Com a faca nos dentes hoje, Robert e Bruno se safaram de um dia que poderia ter sido desastroso. Amanhã tem mais!! Pra cima deles alemão!!

Boa tarde, londrino companheiro de olímpiadas sem fim. Eis-me aqui em mais uma missiva resumística, direto da maravilhosa cidade que abrigará 2016, compartilhando as informações de nosso esporte tão maltratado pela mídia geral.

Antes, porém, não resisto e já dou uma da vela de oceano. O incrível Francis Joyon, o francês, que detém o recorde solitário da da volta ao mundo (57 dias) e têm o terceiro melhor tempo absoluto da história(!!), bateu mais um. Ele singrou, solito, 668 milhas (1.237km) no seu trimarã IDEC à uma média de 27,83 nós. Caaaracaaa!!
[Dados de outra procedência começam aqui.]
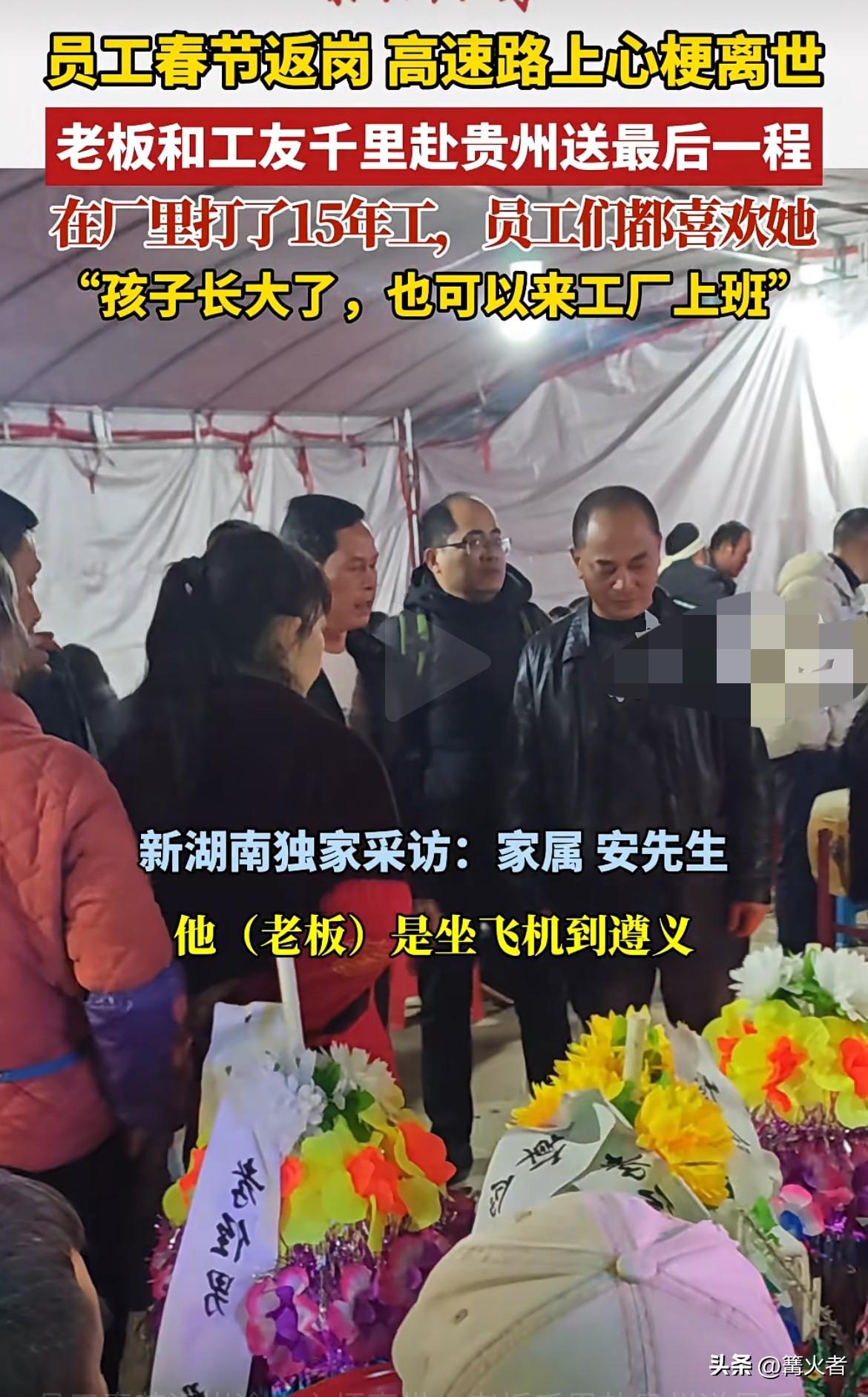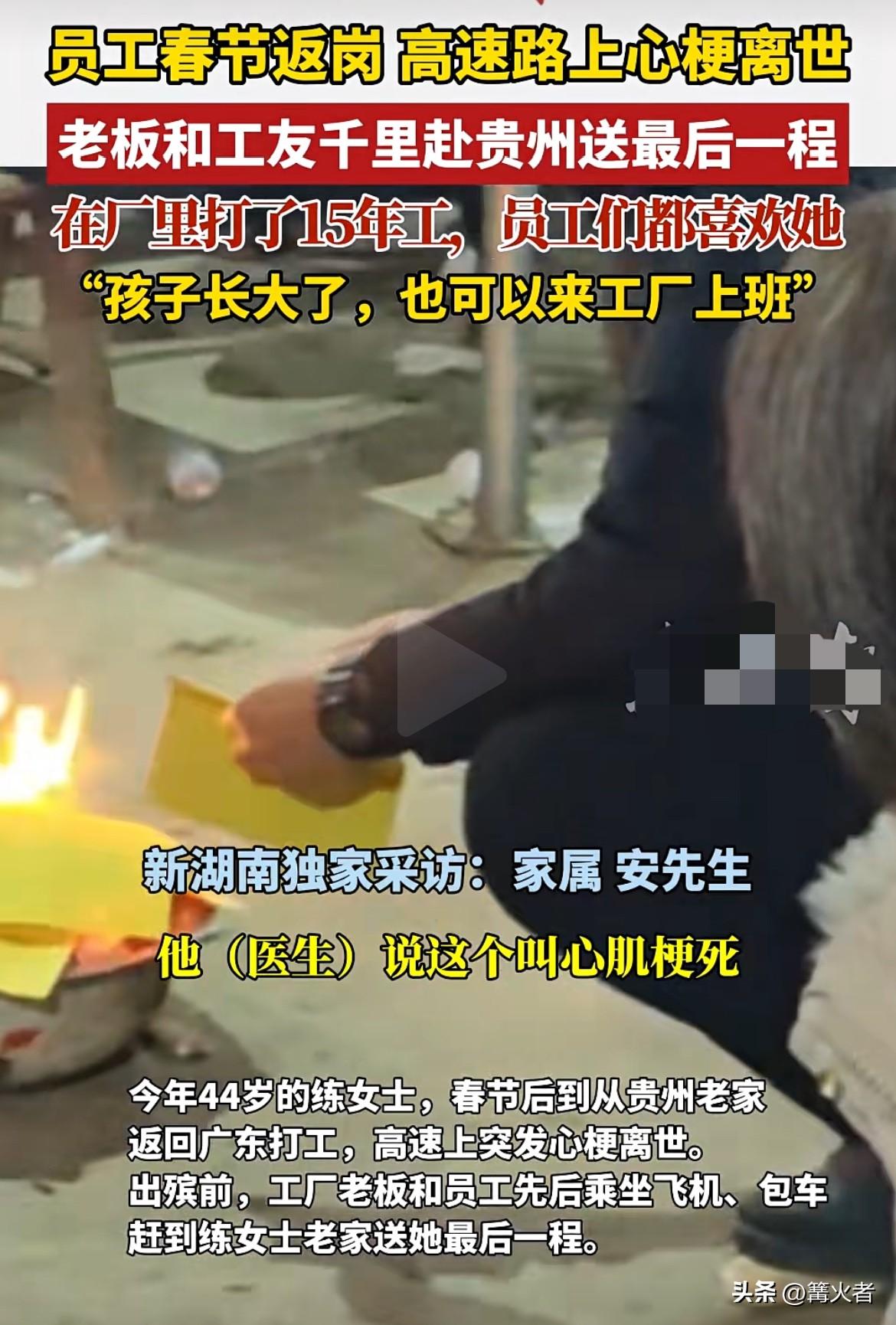 在高速上突发心梗离世。得知消息后,老板李先生带着车间主任先坐飞机到遵义,再包车前往练女士老家,他们踩着泥巴路摸进村,在灵堂前默默点香、烧纸,家属安先生说村里人都很感动,这样的老板让人体会到了职场中的温情。

Bem, voltando à terra do cimento Portland (é sério!) e sua linda vizinha Weymouth. Hoje foi dia super hiper mega power nas águas do canal da Mancha. As duas classes mais técnicas e prestigiadas (a Isaf parece que não sabe disso…) da Vela de monotipos, Star e Finn, tiveram batalhas incríveis nesta quinta-feira de meu Deus.

Nas estrelas, como você e o Edu, de Cabo Frio, estão carecas de saber, a guerra naval envolve uma nave verde e amarela. No Finn, a coisa é com a Dinamarca. Os contendores – imperialistas! – são sempre os britânicos. Humpf!

No Star, a coisa foi simplesmente adrenalizante. Robert Scheidt e Bruno Prada, fizeram duas regatas de recuperação para se manter na posição de prata, mas sofreram sérios ataques nos dois flancos. À frente, Ian Percy e Andrew Simpson (GBR) em dia de primeiro e segundo. Atrás, com um primeiro e um quarto, os almirantes suecos Fredie Loof e Max Salminem, empataram o jogo.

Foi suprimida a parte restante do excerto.